##### Information provided #####

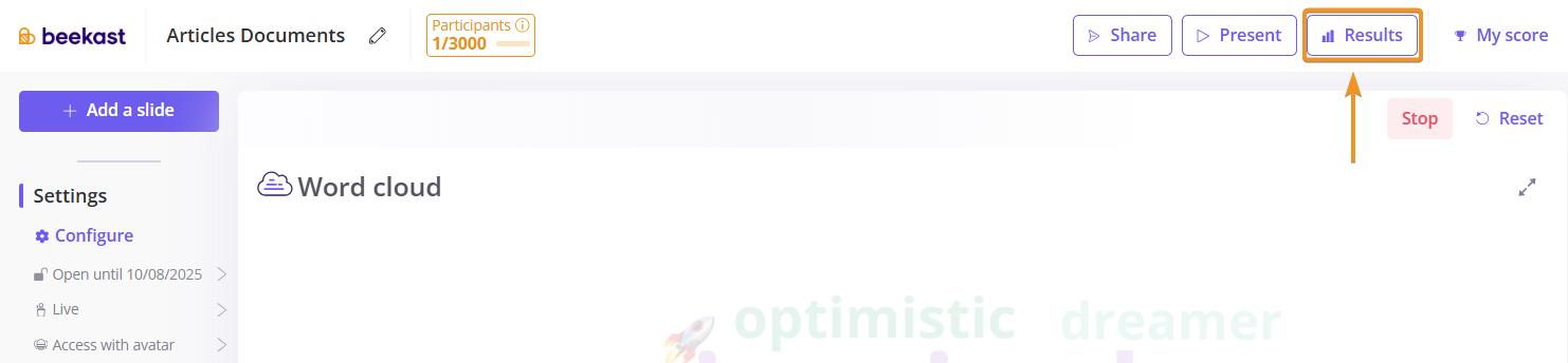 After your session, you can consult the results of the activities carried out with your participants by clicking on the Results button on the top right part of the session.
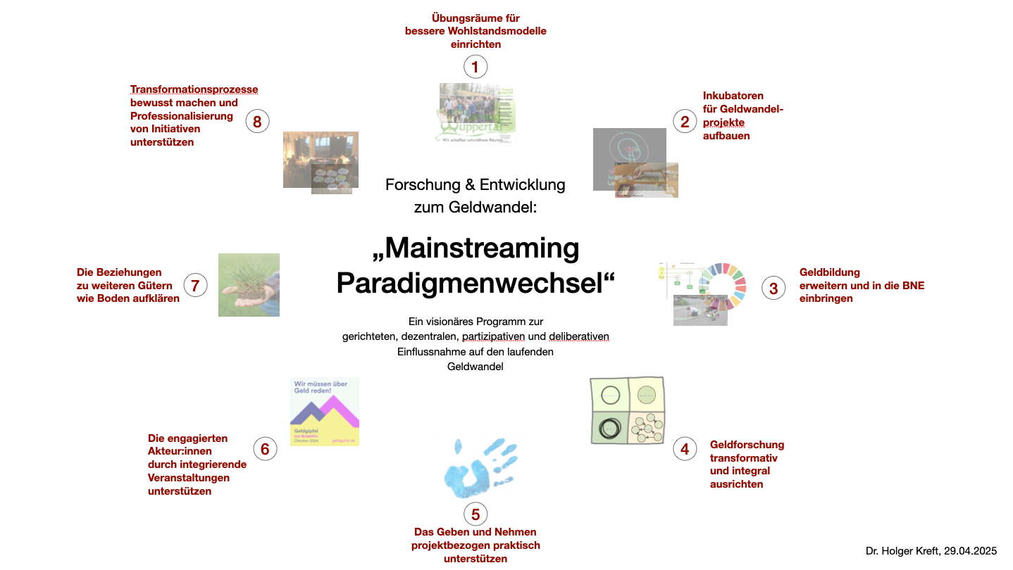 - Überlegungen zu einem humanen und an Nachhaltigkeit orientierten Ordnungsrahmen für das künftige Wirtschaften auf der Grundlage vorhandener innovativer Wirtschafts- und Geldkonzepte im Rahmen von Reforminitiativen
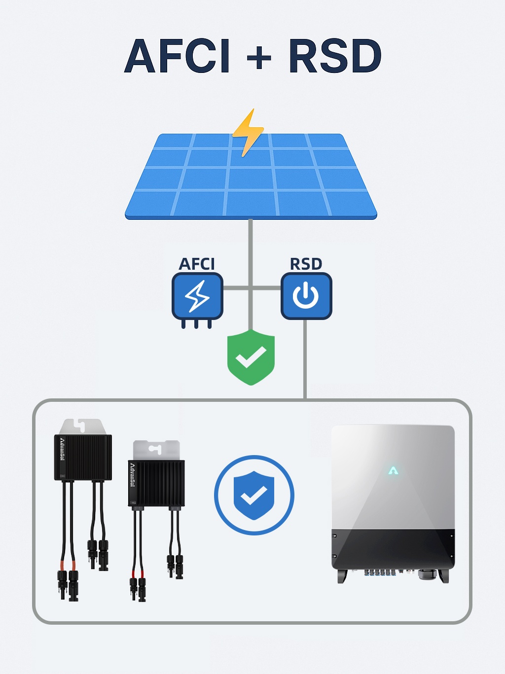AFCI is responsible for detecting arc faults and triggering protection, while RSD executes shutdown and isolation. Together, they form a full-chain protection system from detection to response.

#####

Output each line above exactly as it stands, omitting the pictures.

 After your session, you can consult the results of the activities carried out with your participants by clicking on the Results button on the top right part of the session.
 - Überlegungen zu einem humanen und an Nachhaltigkeit orientierten Ordnungsrahmen für das künftige Wirtschaften auf der Grundlage vorhandener innovativer Wirtschafts- und Geldkonzepte im Rahmen von Reforminitiativen
AFCI is responsible for detecting arc faults and triggering protection, while RSD executes shutdown and isolation. Together, they form a full-chain protection system from detection to response.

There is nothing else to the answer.